You are willing to forego intercourse because you have a long-term relationship with your wife. Would you have felt the same way if this happened in the first few years of your marriage?
I understand your point about emotional needs being paramount, but most spouses want to express this sexually. Being intensely desired by your partner says you are special, you rock my world, I love everything about you.
When you have had a tough week and feel beaten up by the world, there is nothing like having a spouse who helps you feel like you are cherished enough to share their body with you.
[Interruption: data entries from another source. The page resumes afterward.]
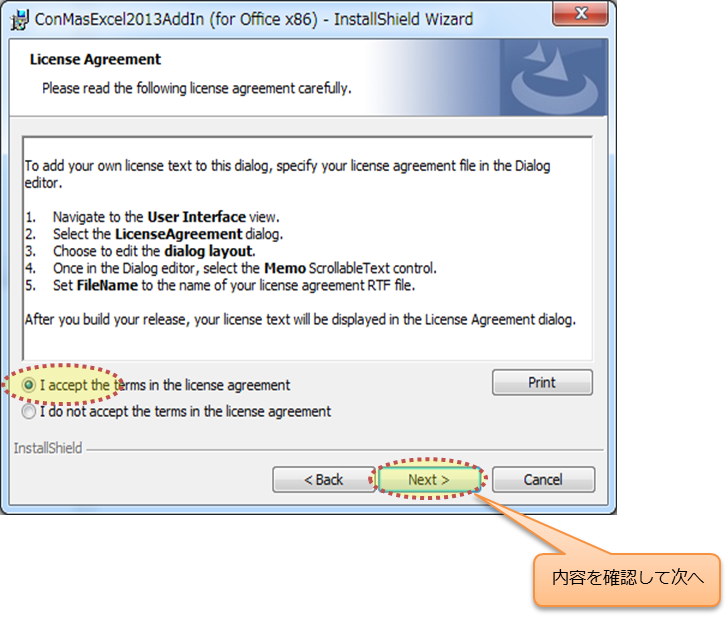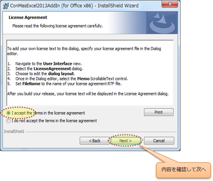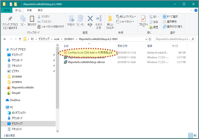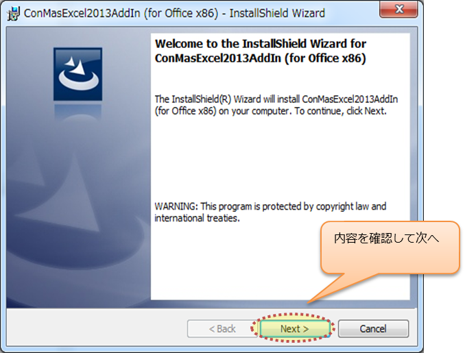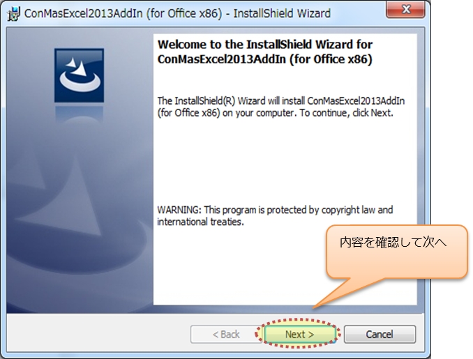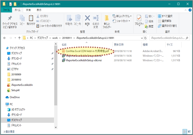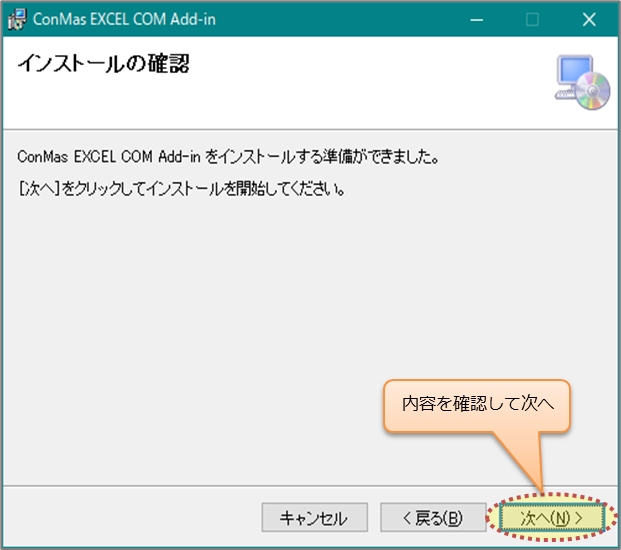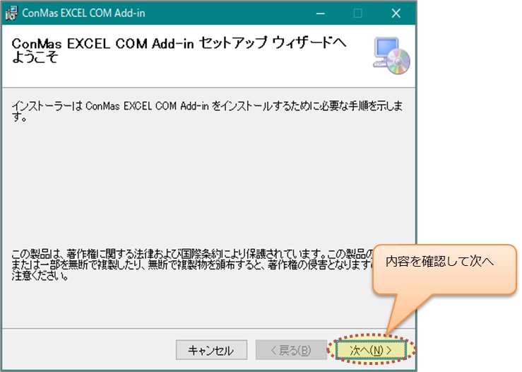 インストーラーと共に「ConMas Excel COM Add-in 利用規定.pdf」ファイルが同梱されています。 利用規定をご確認の上、インストールをお願いします。
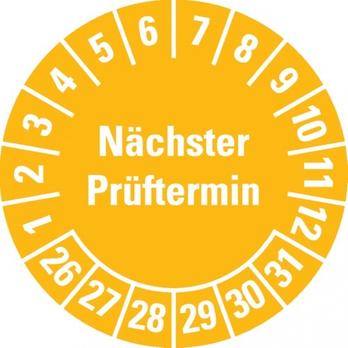 Dreifke® Prüfplakette Nächster Prüftermin 26-31, gelb, Schachbrettfolie, Ø 30mm, 18 Stk.
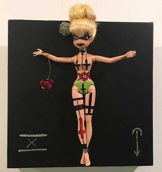 O_O “Tink Splattered VI- Unsafe” (12”x12”) mixed media krink, tinkerbell doll

This is how I see it.... our emotional connection is awesome and our sex life is amazingly awesome.... (due to the emotional connection, right?). I think, if for some reason one of us could not have intercourse for some reason.... I could live with that. We have had such a sexy, creative, AND loving sexlife so far that I think everything else is just gravy! The memories would be enough.
Loves,
If we weren't doing "anything" that would be a problem. But that isn't the case at all. We just can't have intercourse because it hurts her. If this had happened 10-15 years ago it would have been more difficult for me then.
Do you think your man would bail if you had chronic pain and couldn't have straight sex but you did "other stuff" with him regularly?
No, I don't think my man would bail. It seems like the point of your thread is that meeting emotional needs should be enough, that people do not have physical needs as well. I don't feel that way.
The point of my thread - which I apparently did not succeed in making was this:
For a man, sex IS an emotional need. So all these threads where the man says: she won't have much/any sex with me and the response is "you must not be meeting her emotional needs". My point was:
- If you aren't haveing much/any sex with your man OR
- You make it clear you don't really WANT to be having sex with him when you do connect
Then:
You aren't meeting his emotional needs
And the general "theme" on many of these threads is very simple: Sex is a "want" not a need, so the man's "focus" is described as a "want" because hey - you can "live" without sex, but womens "focus" are described as "needs".
In short form:
Her emotional "needs" are compared to his sexual "wants".
This makes it seem as if the female focus "needs" is more valid/more important than the male focus "which gets described as wants".
Quote:
Originally Posted by lovesherman
No, I don't think my man would bail. It seems like the point of your thread is that meeting emotional needs should be enough, that people do not have physical needs as well. I don't feel that way.
The point of my thread - which I apparently did not succeed in making was this:
...
This makes it seem as if the female focus "needs" is more valid/more important than the male focus "which gets described as wants".
I saw your point, but then again I'm a man. As far as I can tell, women are generally dubious of this fact. It's almost as if there's a desire not to empathize. Doesn't make sense to me, especially since women are more perceptive in general.
I saw your point, but then again I'm a man. As far as I can tell, women are generally dubious of this fact. It's almost as if there's a desire not to empathize. Doesn't make sense to me, especially since women are more perceptive in general.
I actually laughed out loud at the head-scratching responses. Rather ironic under the circumstances ... yet illustrates the core of the issue perfectly.